PROBLEM TO SOLVE: All entries are to be reproduced exactly; the pictures are to be omitted.

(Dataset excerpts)

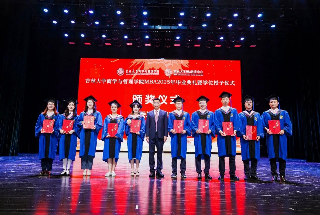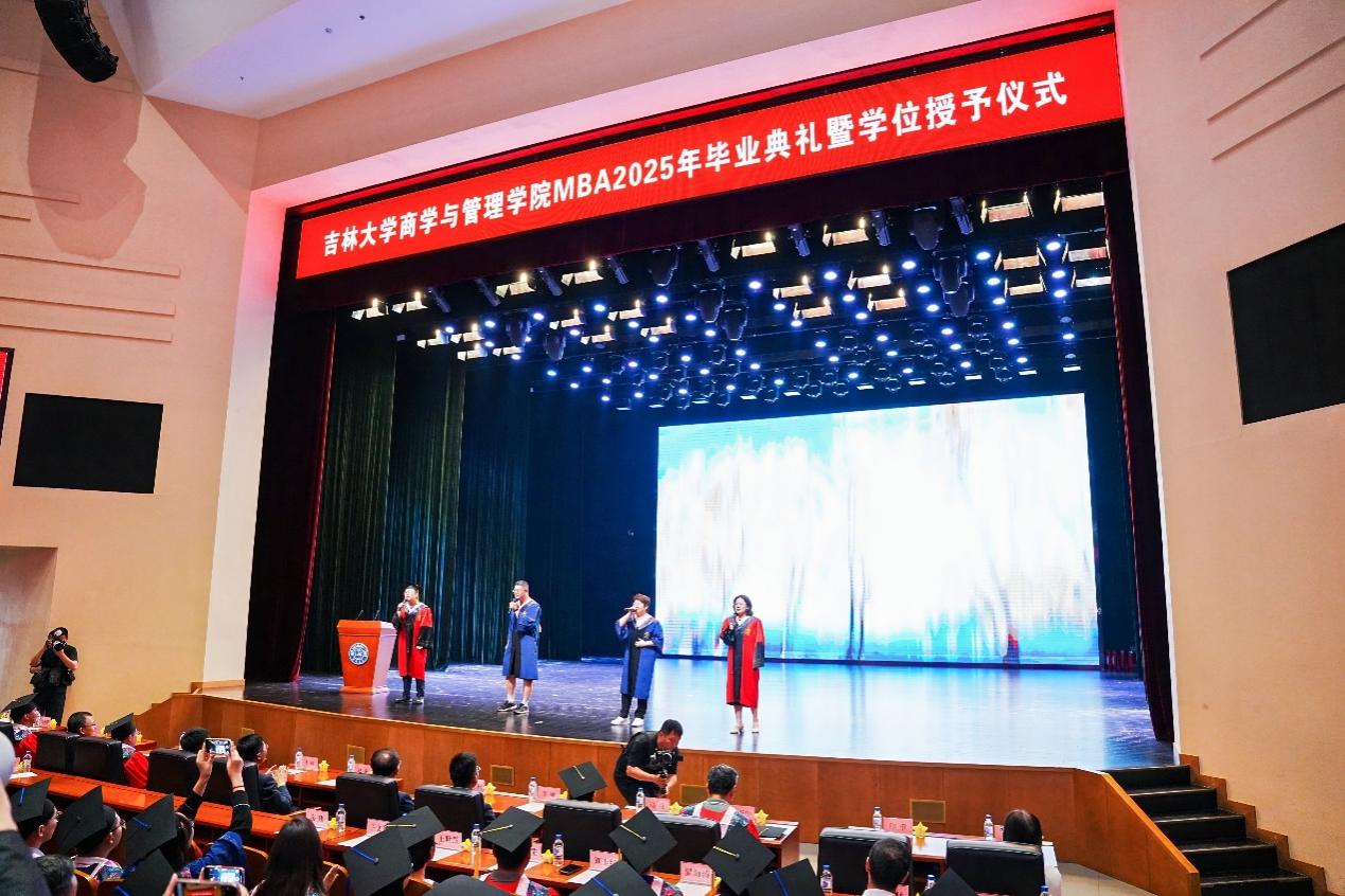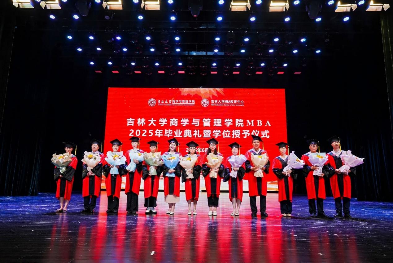 2025年MBA毕业典礼暨学位授予仪式在经久不息的掌声中圆满落下帷幕。这场盛典,既是对毕业生们学业征程的荣耀加冕,更是一场激荡着吉大精神的传承仪式。仪式镌刻下的不仅是 “吉大MBA”的金色印记,更将 “求实创新、励志图强”的校训熔铸成学生们前行的精神灯塔。从师长手中接过的学位证书,凝聚着课堂思辨的智慧、实践磨砺的锋芒,此刻正化作扬帆起航的风帆。愿 2025 届毕业生们携母校 “以诚信为裳,以创新为剑”的嘱托,在时代浪潮中锚定航向,以踔厉奋发之姿于商场挥写新篇,让吉大商管学院MBA的旗帜熠熠生辉。
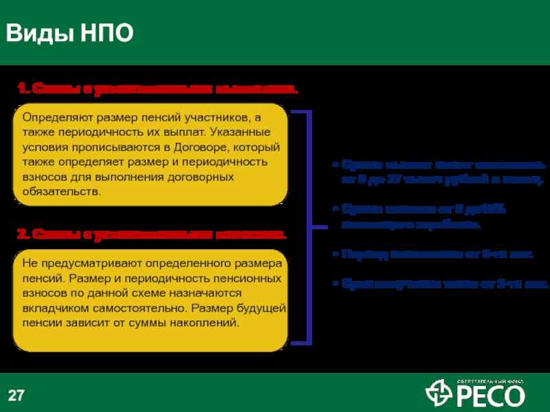 Не предусматривают определенного размера пенсий. Размер и периодичность пенсионных взносов по данной схеме назначаются вкладчиком самостоятельно. Размер будущей пенсии зависит от суммы накоплений.
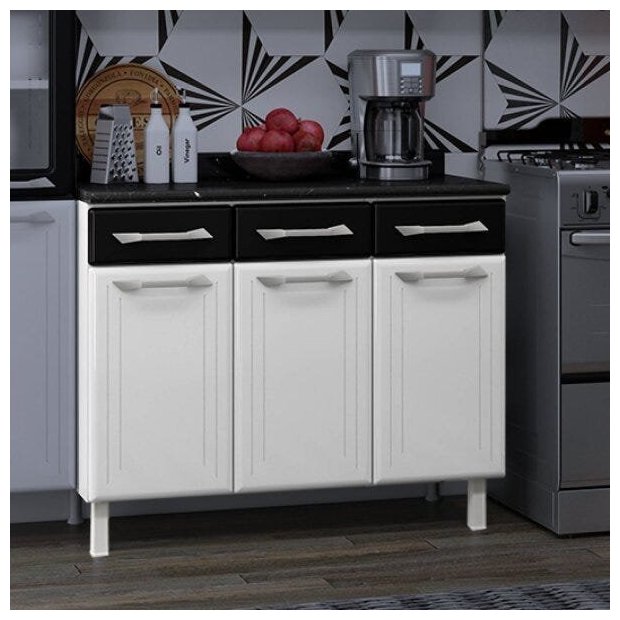 Balcão de Cozinha em Aço Triplo com Tampo Topázio Branco/Preto
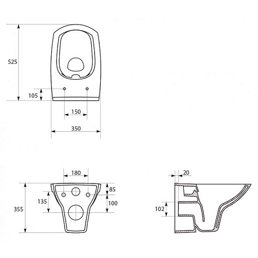 - Унитаз подвесной, безободковый Cersanit Carina new clean on
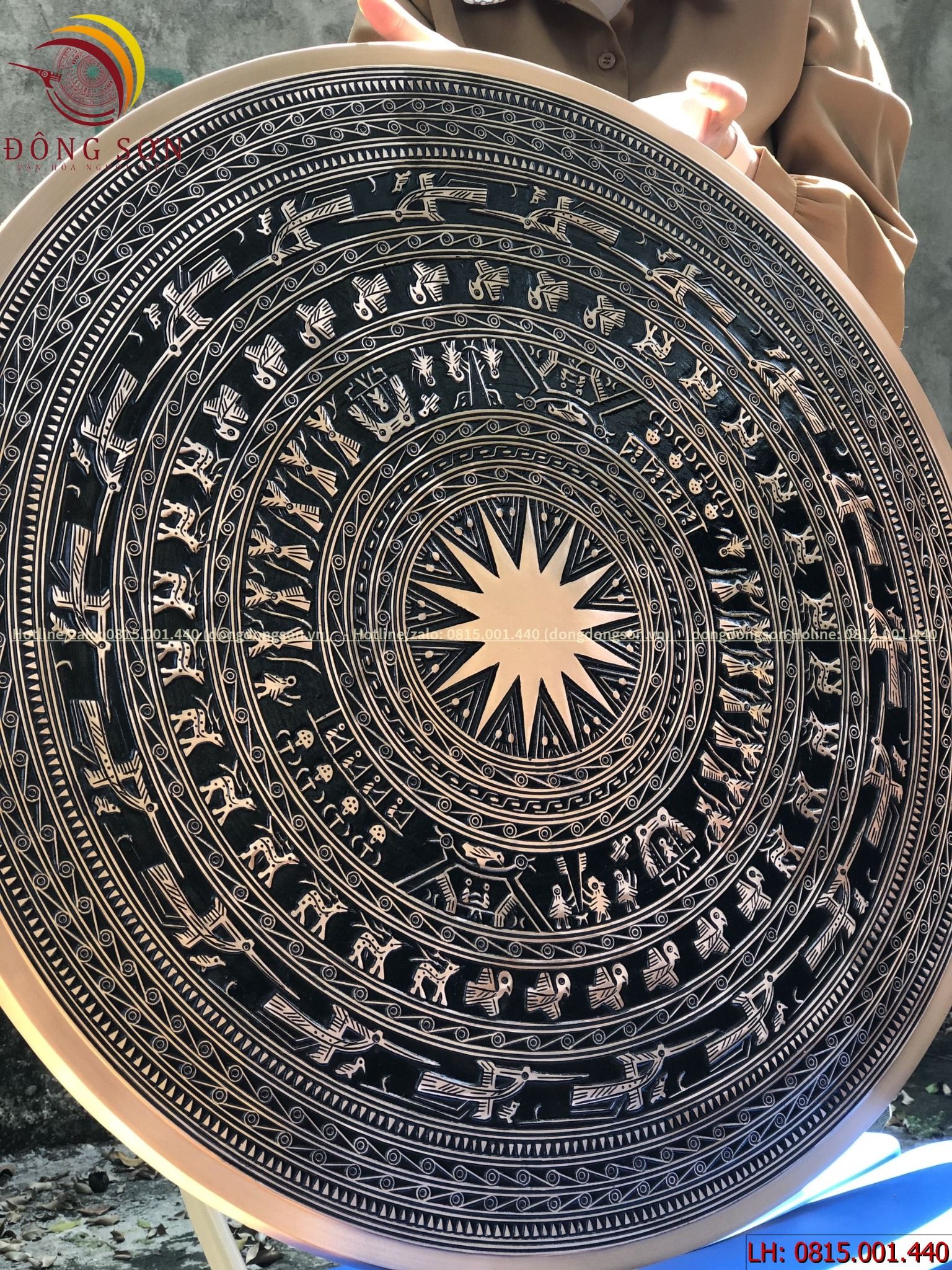 Mặt trống đồng đỏ đúc nổi nền đen | mặt trống đồng đông sơn ĐK 68cm

PROBLEM SOLUTION:
 2025年MBA毕业典礼暨学位授予仪式在经久不息的掌声中圆满落下帷幕。这场盛典,既是对毕业生们学业征程的荣耀加冕,更是一场激荡着吉大精神的传承仪式。仪式镌刻下的不仅是 “吉大MBA”的金色印记,更将 “求实创新、励志图强”的校训熔铸成学生们前行的精神灯塔。从师长手中接过的学位证书,凝聚着课堂思辨的智慧、实践磨砺的锋芒,此刻正化作扬帆起航的风帆。愿 2025 届毕业生们携母校 “以诚信为裳,以创新为剑”的嘱托,在时代浪潮中锚定航向,以踔厉奋发之姿于商场挥写新篇,让吉大商管学院MBA的旗帜熠熠生辉。
 Не предусматривают определенного размера пенсий. Размер и периодичность пенсионных взносов по данной схеме назначаются вкладчиком самостоятельно. Размер будущей пенсии зависит от суммы накоплений.
 Balcão de Cozinha em Aço Triplo com Tampo Topázio Branco/Preto
 - Унитаз подвесной, безободковый Cersanit Carina new clean on
 Mặt trống đồng đỏ đúc nổi nền đen | mặt trống đồng đông sơn ĐK 68cm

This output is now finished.